The author of a bill introduced earlier this year that would have allowed D.C. residents to cast ballots from their phone or tablet says she will not pursue the idea next year, effectively killing the dream of Bradley Tusk, a well-connected venture capitalist and philanthropist, to make the city the first jurisdiction in the U.S. to fully implement mobile voting.

D.C. Councilmember Brooke Pinto (D-Ward 2) brought the bill to the council. “Since introducing the bill, I have had many more conversations with residents and experts and my staff and I have read additional reporting on the issue. At this time, mobile voting is not ripe to move forward as additional security protections are likely needed to be considered in the event we do adopt a mobile voting option in the future,” she wrote in an email.

Pinto introduced the mobile voting bill in February, building off a campaign Tusk launched last year to push mobile voting in jurisdictions across the country — starting with the District. Tusk and Pinto said that mobile voting would increase turnout and democratic engagement by making it easier for residents to vote, especially Black and Latino voters for whom turnout rates tend to lag behind white voters in the city.

“When voting rights are under attack around the country, I am proud of the steps my colleagues and I have taken to make voting more accessible in D.C.,” said Pinto. “The mobile voting bill that I introduced aimed to do just that — make voting more accessible to more District residents, many of whom are underrepresented in elections.”

But the bill quickly raised alarms among many cybersecurity experts, who said there are too many remaining risks to pursue mobile voting at scale at this point. And those same arguments were highlighted in a new assessment this month from a working group organized by the Center for Security in Politics at the University of California at Berkeley and paid for by Tusk. In their report, 13 experts on elections management and cybersecurity determined that while mobile voting holds promise, “the current cybersecurity environment and state of technology make it infeasible… to draft responsible standards to support the use of internet ballot return in U.S. public elections at this time.”

This week, a coalition of organizations, including Public Citizen and the Center for Democracy and Technology, wrote lawmakers and urged them to hold off on any future mobile voting bills until broader questions of cybersecurity could be addressed. “No bill that would enable online voting — specifically, the electronic return of voted ballots — should be considered until election experts agree that such a system would be both secure and reliable for D.C. voters,” they wrote.

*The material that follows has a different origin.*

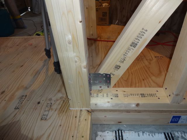 ①筋交いの位置の確認、取付金物のビスの本数のチェック

Pinto’s bill had already faced opposition on the council and wasn’t set to move the proposal forward this year, but her change of heart on the current safety of mobile voting means that Tusk’s venture isn’t expected to gain much, if any, steam next year. In an emailed statement, though, Tusk said he would continue working towards making mobile voting a reality.

“Here’s what we know: Too many Americans are left out of the electoral process at the moment, and we need to identify approaches like mobile voting that reduce barriers to the vote. That’s why we are funding the development of more secure technology for mobile voting that addresses the challenges the working group identified. We have just released a detailed new architectural overview and data flow of this system that our grantees are developing. Our goal is to release the system publicly in 2023 for thorough public security testing along with usability and accessibility assessments to ensure it meets the needs of voters and standards of election officials,” he said.

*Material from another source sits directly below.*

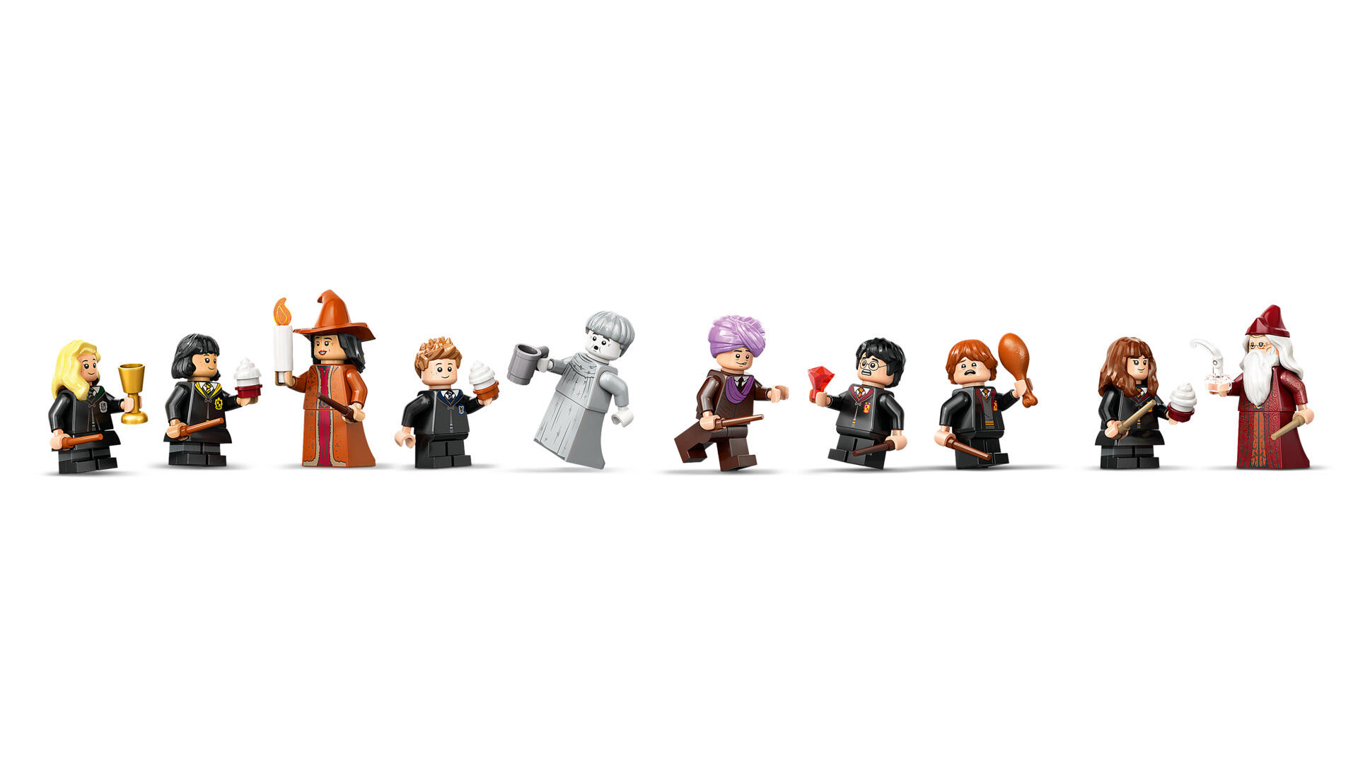 6 020 delar. Ett superstort set där alla äventyr på Hogwarts kan äga rum. Innehåller stora salen med elevhemsbanderoller, bänkar, bord, brinnande facklor och rörliga trappor, trolldrycksklassrummet, klassrummet för försvar mot svartkonster, skåpet med boggarten, schackrum med schackpjäser, vid-behov-rummet, hemlighetens kammare med basilisken och Tom Dolders dagbok, det hemliga rummet med djävulssnaran, Gryffindors sällskapsrum med eldstad och sittplatser. 4 minifigurer och 27 mikrofigurer medföljer. Material: ABS. PVC-fri. Från 16 år.

The experts organized by the Center for Security in Politics didn’t fully close the door on mobile voting being possible in the future.

“There is promise, however, as technological developments have moved us closer to using internet ballot return in a secure and accessible way. Still, additional progress is necessary before standards might be developed to support the widespread use of internet ballot return in U.S. public elections, and overall cybersecurity continues to face monumental challenges,” they wrote.

D.C. has taken other steps in recent to broaden voting accessibility, largely by mailing every registered voter a ballot, which will now become a permanent feature of elections moving forward.

This post was updated with a statement from Bradley Tusk.